When and if you have time, and want the entertainment,

financials on Steven R. Oglebee. Got a strong feeling you won’t have to dig very deep. May have more later, but he’s a standout.

She added his data and address.

“Let’s go write all this up.” She pulled out into traffic. “And we’ll see who Oglebee worked with during his last few years on the job. See if we can pull any more on the son. He’s not clean, Peabody.”

“No, he’s not. If you take the on-the-job Oglebee, I can push on the list. We should be able to pull out at least a couple more. McNab and I could take one or two on the way home.”

“That works. We eliminated more, and we’ve got one possible. Focusing on the suicide angle’s still the best method.”

When her ’link signaled a text, she called it up on her in-dash.

Just coming out of a meeting and going into another. After that,

I could use some entertainment. We’ll see what I can find before you get home.

Thanks. In the field, heading back to Central to tie some things up. See you later.

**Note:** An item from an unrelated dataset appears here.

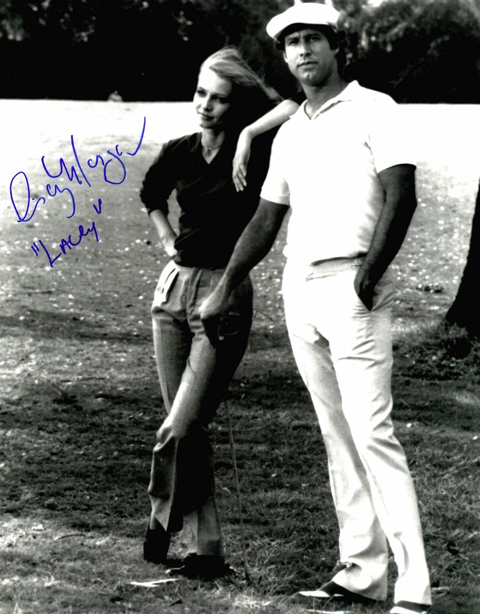 Cindy Morgan signed Caddyshack black and white 11x14 photo standing next to Chevy Chase with 'Lacey' inscription. Item comes with a Schwartz Sports Memorabilia numbered tamper-proof hologram and Certificate of Authenticity which can be verified online.

“It’s nice being with someone who gets the job,” Peabody commented.

“Yeah, I guess. No,” Eve corrected. “I know it is.”

As she pulled into the garage, she flashed back to that morning. “It’s got to help if the cop side of it isn’t a complete asshole.”

“You’re thinking of Lansing.” “Among others.”

“You really want to wand that lip again, ice down one more time before you get home.”

“Yeah, yeah, yeah.” Then she frowned as they walked to the elevator. “He kept a file on me, starting about the time Nadine published the Icove book.”

“Jealous, probably. And convinced himself Nadine bribed you or something. Like maybe you and Nadine had a hot affair.”

“Oh please.” But that stopped her. “I wonder.” “I was joking about that part.”

“I just wonder,” she repeated, and tagged Nadine.

“Dallas, why are you always getting smacked in the face?”

“Keeps me mean and ready. Detective Lansing, IAB. Do you know him?”

“Lansing? I don’t…” She shook back her streaky hair, angled her head as her foxy green eyes narrowed. “Oh yeah. I remember him. John, Jack— no, Joe. Joe Lansing, IAB.”

“How?”

“He hit on me, pretty hard. Right after I got the crime beat, and I was doing a follow-up on internal investigations at the NYPSD. So, what, like four years ago—something like that. He didn’t want to take no. I don’t date cops—conflict of interest. Seems to me he was like nobody has to know. On top of the no for the first reason, I didn’t like him. I mean he’s good to look at, but I just didn’t like him. And on top of that, it came out he was married, so absolutely no.”

“Did he keep at it?”

“For a while. Tagged me a couple times. Even came by my place once— and that’s when, if I’m remembering right, I told him I’d report him if he didn’t back off. He got pissed, but he backed off. Why?”

“He’s the one who punched me in the face. Now I’ve got the reason why.”

“He punched you because I turned him down four years ago?” Nadine fluffed at her hair. “I know my own devastating charm, but … that’s a stretch.”

Satisfied, Eve got on the elevator. “Because that, then you and I have a professional and personal relationship. You wrote a big-ass bestseller about one of my cases. He’s been keeping a file on me.”

Amusement turned to mild outrage. “Well, for God’s sake. I’m sorry he punched you. I still wouldn’t have gotten naked with him, but sorry.”

“No need. It just made me itchy not knowing exactly why he went off.”

“Give me some details. Did you deal with him due to the Greenleaf investigation? I want to—”

“Tag IAB,” Eve told her. And clicked off.

“You should tell Mira what Nadine just told you. Whitney, too.”

Eve nodded as the door opened and more cops piled on. “Trust me.”